# [What to work on]
Copy out exactly, and only, the lines from the one containing "舍得酒业股份有限公司舍得酒业增产扩能项目-酿造准备中心 (一期)职业病危害预评价" through the end of the entries. No pictures.

# [Data to use]
# # # # # # #

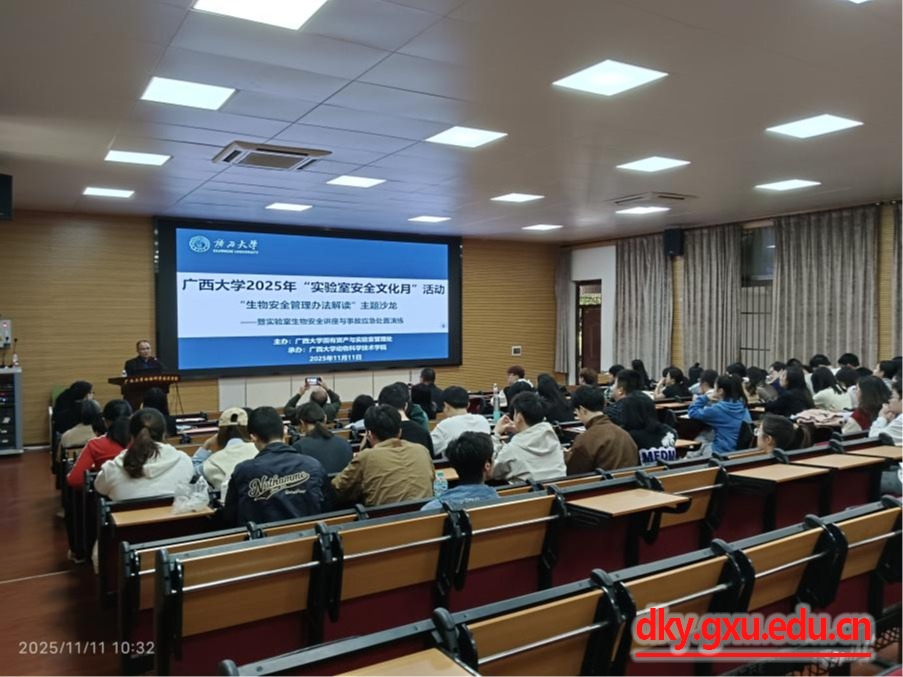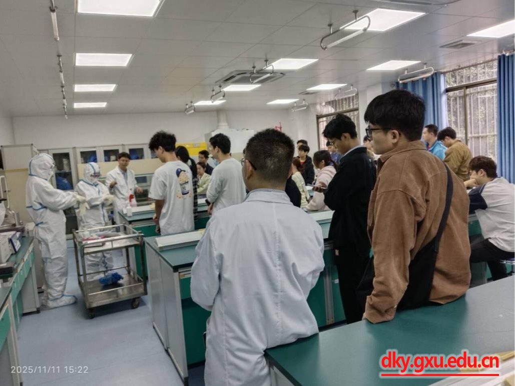 为深入推进校园安全文化建设,切实提升师生生物安全意识与应急处置能力,11月11日,广西大学动物科学技术学院以“安全文化月活动”为契机,特邀生物安全领域资深培训师屈文军老师,为师生开展生物安全专题培训和二级生物安全实验室感染性物质溢洒事件应急演练。全校相关学科教师、学生共计200余人参与培训和演练。
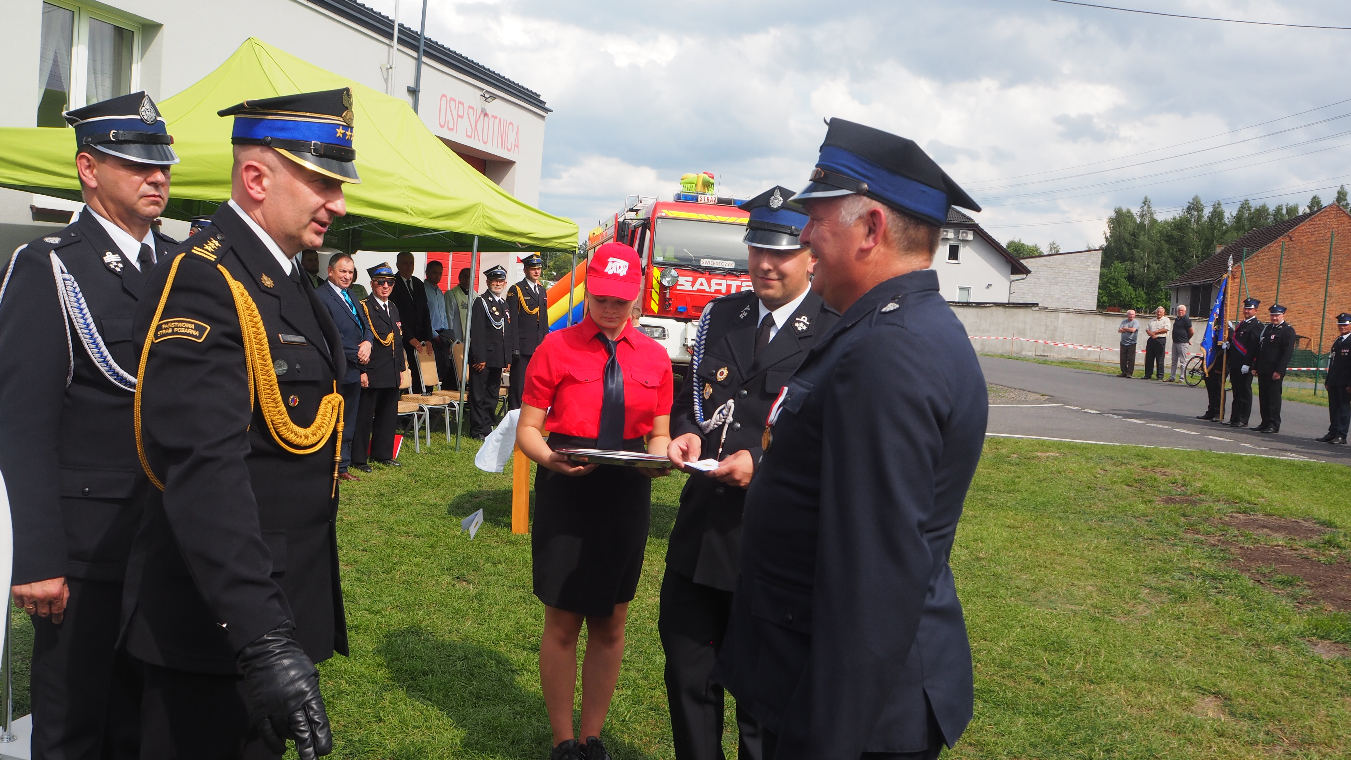 Podczas oficjalnej części uroczystości zaproszeni goście gratulowali jednostce sztandaru, samochodu oraz podkreślali profesjonalizm i ciągłą gotowość strażaków Ochotniczej Straży Pożarnej w Skotnicy do niesienia pomocy potrzebującym.
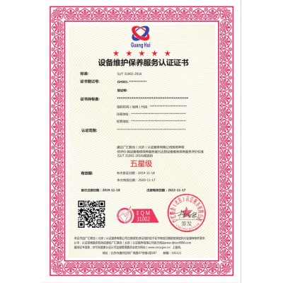 1、设备维修保养服务认证,设备维修保养服务认证证书,设备维修是指为保持、恢复以及提升设备技术状态进行的技术活动。
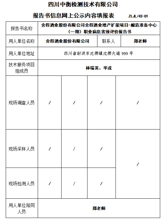舍得酒业股份有限公司舍得酒业增产扩能项目-酿造准备中心 (一期)职业病危害预评价
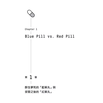 在上一本書裡我提到紅藥丸一詞的由來,主要來自電影《駭客任務》(The Matrix),幫助主角尼歐(Neo)脫離母體幻境的解藥;與之相對的,則是繼續留在虛幻世界醉生夢死的「藍藥丸」(Blue Pill)。你要知道,絕大多數男人和女人相處的兩性觀念,多半是極度女傾,透過影視、網路、紙本,所有你想得到的媒體形式,鋪天蓋地席捲而來,導致男女相處到了最後,男人往往賠掉自己的身家,甚至犧牲夢想,只為了「女人」。
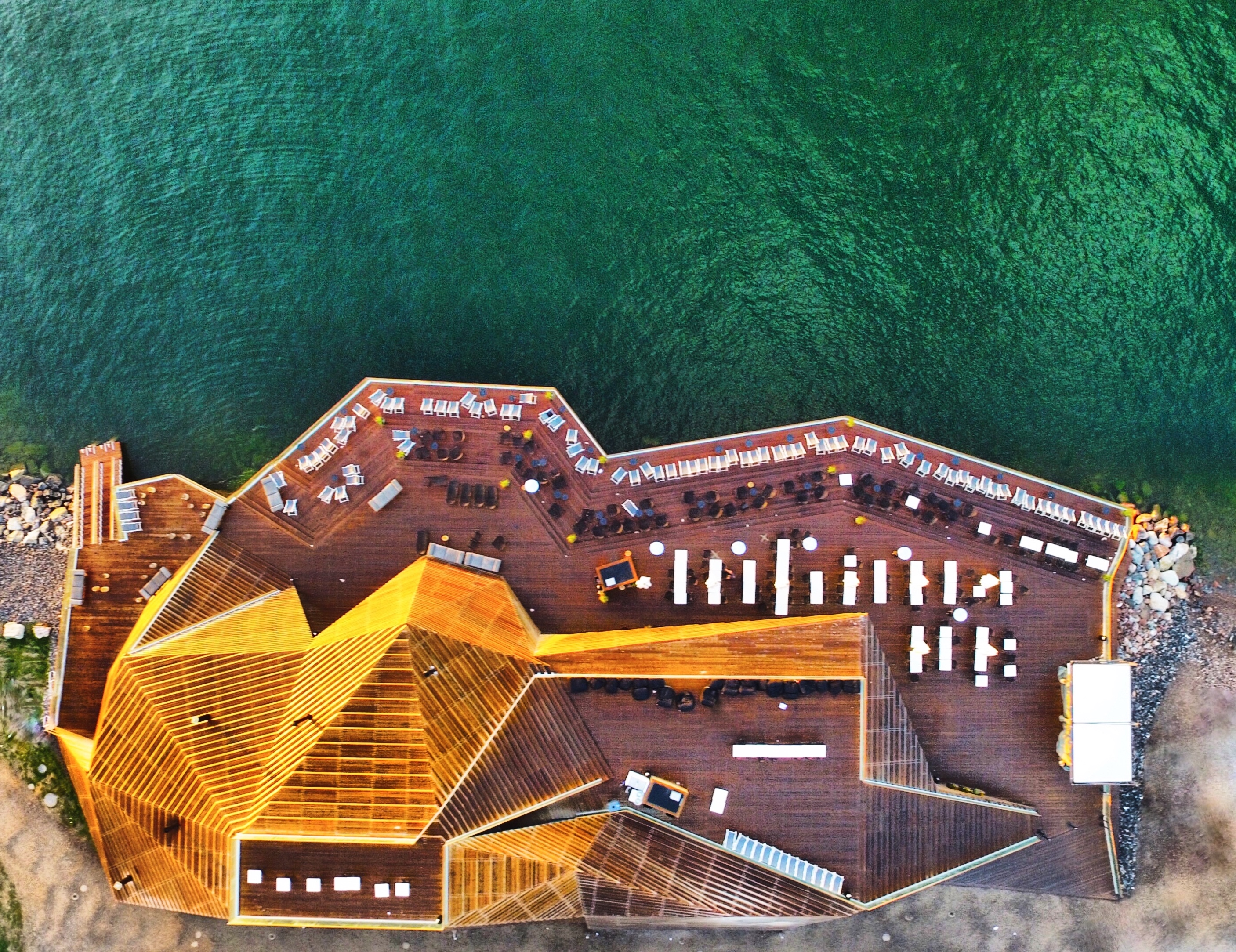 Löyly – ett måste när du besöker den finska huvudstaden! Här möts traditionell rökbastu och modern design i en perfekt symbios av njutning och möjligheter. Blicka ut över Helsingfors skärgård medan du slappnar av på deras panoramiska terrass, kombinera bastubad med ett uppfriskande dopp i havet eller njut av en förstklassig cocktail från drinkmenyn. När du är redo att säga hejdå till bastuvärmen kan du förflytta dig till restaurangen för att avnjuta en festmåltid med delikatesser som färsk sill, rökt lax och perfekt grillad rådjursbiff. Och varför inte stanna kvar till kvällen när den avkopplande atmosfären övergår till fest?

# # # # # # #

# [Answer area]
舍得酒业股份有限公司舍得酒业增产扩能项目-酿造准备中心 (一期)职业病危害预评价
 在上一本書裡我提到紅藥丸一詞的由來,主要來自電影《駭客任務》(The Matrix),幫助主角尼歐(Neo)脫離母體幻境的解藥;與之相對的,則是繼續留在虛幻世界醉生夢死的「藍藥丸」(Blue Pill)。你要知道,絕大多數男人和女人相處的兩性觀念,多半是極度女傾,透過影視、網路、紙本,所有你想得到的媒體形式,鋪天蓋地席捲而來,導致男女相處到了最後,男人往往賠掉自己的身家,甚至犧牲夢想,只為了「女人」。
 Löyly – ett måste när du besöker den finska huvudstaden! Här möts traditionell rökbastu och modern design i en perfekt symbios av njutning och möjligheter. Blicka ut över Helsingfors skärgård medan du slappnar av på deras panoramiska terrass, kombinera bastubad med ett uppfriskande dopp i havet eller njut av en förstklassig cocktail från drinkmenyn. När du är redo att säga hejdå till bastuvärmen kan du förflytta dig till restaurangen för att avnjuta en festmåltid med delikatesser som färsk sill, rökt lax och perfekt grillad rådjursbiff. Och varför inte stanna kvar till kvällen när den avkopplande atmosfären övergår till fest?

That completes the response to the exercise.